Yes I am at it again, another rant and rave of your only Deity of the Universe of Infinite. I was going to brush this under the carpet but when it affected my gigai I couldn’t turn a deaf eye nor a blind ear to the matter anymore. Want to guess what my issue is? Guess you wouldn’t given a million years. Before I vent my frustration at the regression of the human race more specifically the Sapiens sapiens species, let us take a short walk through History. Yes yes, I am allowed to do that as Time falls under Infinity. And no it isn’t time travel so wipe that Mephistophelean smile off your face, I don’t want to have real live Dr. Whos and Rose Tylers.

The year will be 1876 and the smart ones already know. Yes your mental projections will be visiting Sir Alexander Graham Bell; the father of the telephone. The Aegyptopithecus to the smart phone you hold in your palm now. He patented the first practical working telephone. However, though the inventor or not depending on what history you listen to, he found the telephone a nuisance and kept it in his study. Though not evolved he could still see its danger.
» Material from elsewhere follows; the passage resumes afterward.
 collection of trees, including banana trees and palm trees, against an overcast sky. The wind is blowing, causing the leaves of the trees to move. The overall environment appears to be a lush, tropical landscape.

Fast forward to the future. Now I know many of you are sharpening your pitchforks and stoking the fire ready for a witch-hunt or more appropriately a deity hunt, hoping to catch me and roast me well well-done. I would tell you to save your energy but you wouldn’t listen. Just like all the witches you burned during the Dark Ages who lied to you they died?
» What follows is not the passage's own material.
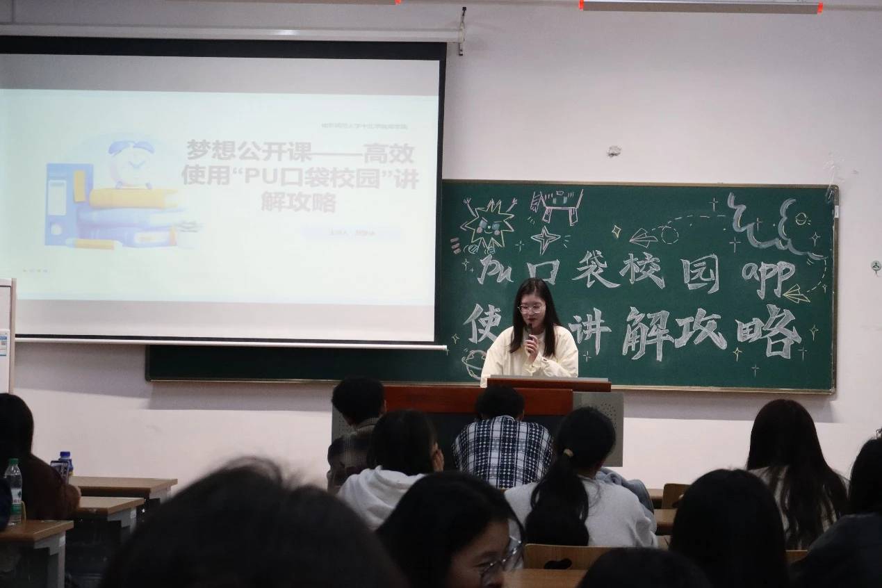 为进一步加深商学院2024级新生对第二课堂软件“PU口袋校园”的了解,10月30日18:00我院在敏学楼214开展了梦想公开课——“PU口袋校园”讲解攻略活动,本次活动由赵梦依同学主持讲解。

Tags, more so #tags are my pet peeve. The humans of this era are so into their Smartphone that one would be forgiven for thinking that Smartphones are their deities while in realty they are theirs stakes.

fb_20160925_00_10_15_saved_picturefb_20160925_00_10_57_saved_picture

Likes comments and hash tags are the lifeline of such. When Bell made the telephone, he had no idea that the # would gain such prominence. Even the * button isn’t that button anymore. All that is left is for all mobile phones to unanimously agree that there should be a dedicated # button like the windows key on most comps

fb_20160925_00_11_23_saved_picture

#Bell #telephony #Blogging #Writinginbed #Coffee #cofeeholic #Righthandwriting #Multitasking #Textingbae #history #research #MondayBlues #BedManenos #PhilosophicalTings (Yes I wrote tings instead of things) #MyBrainBetterThanYours #WritingIsBae #BloggingIsBae #ThoughtsUnderAMosquitoNet #AfterSundayTings #I’mSoSmart #HP #TypingInBed #DUI #DILLIC?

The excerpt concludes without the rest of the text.